Нейлз выпил еще один мартини и поехал домой. Разговор в баре не столько его позабавил, сколько расстроил. А что же, интересно, тот человек, который увлекался игрой в шары по четвергам? Знал ли он, задумывался ли о том, как его жена проводит эти вечера без него? Сам Нейлз был неисправимый однолюб, и мысль о супружеских изменах не укладывалась у него в голове. Он влюбился в Нэлли с первого взгляда, и брак для него был не просто одной из сторон жизни,— он был самой жизнью. Нейлз вспомнил, как в прошлую субботу под вечер Нэлли уснула у него на руках. И как он охмелел, словно от крепчайшего напитка, при мысли об их нераздельности, о том, что они составляют одно целое — на горе, на радость. Она дышала немного тяжело, с присвистом, а он чувствовал, как мир и покой разливаются по всему его телу. Она была его младенцем, его богиней, матерью его единственного сына. «Я храпела?»— спросила она, проснувшись. «Ужасно,— ответил он, — как механическая пила».— «Мне так сладко спалось»,— сказала она. «А мне так сладко было держать тебя,— сказал он,— так хорошо...»
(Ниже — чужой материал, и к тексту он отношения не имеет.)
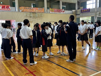 本日1校時、1学年の学年開きが行われ、中学校生活のスタートを楽しい雰囲気で始めることができました。1年生の皆さんも少しずつ緊張もほぐれ、レクを通して笑顔があちこちで見られました。サイレントバースデイで一列に並ぶことができたら、担任の先生の名前を身体で表現しました。みんなで協力して成功すると嬉しいですね!

Вернувшись домой, он налил себе и Нэлли виски с содовой и, поднявшись в ванную вымыть лицо, открыл аптечку — с тем же гнусным и непристойным намерением, что и рассказчик в баре. Затем спустился к Нэлли и спросил, как она провела день.

— Я шаталась по магазинам. — сказала она.— Ничего не купила, просто смотрела платья. Так и не выбрала ни одного — то крой не нравится, то цвет.

— Выйди ко мне в гостиную на минутку,— сказал Нейлз. — Я хочу спросить тебя кое о чем.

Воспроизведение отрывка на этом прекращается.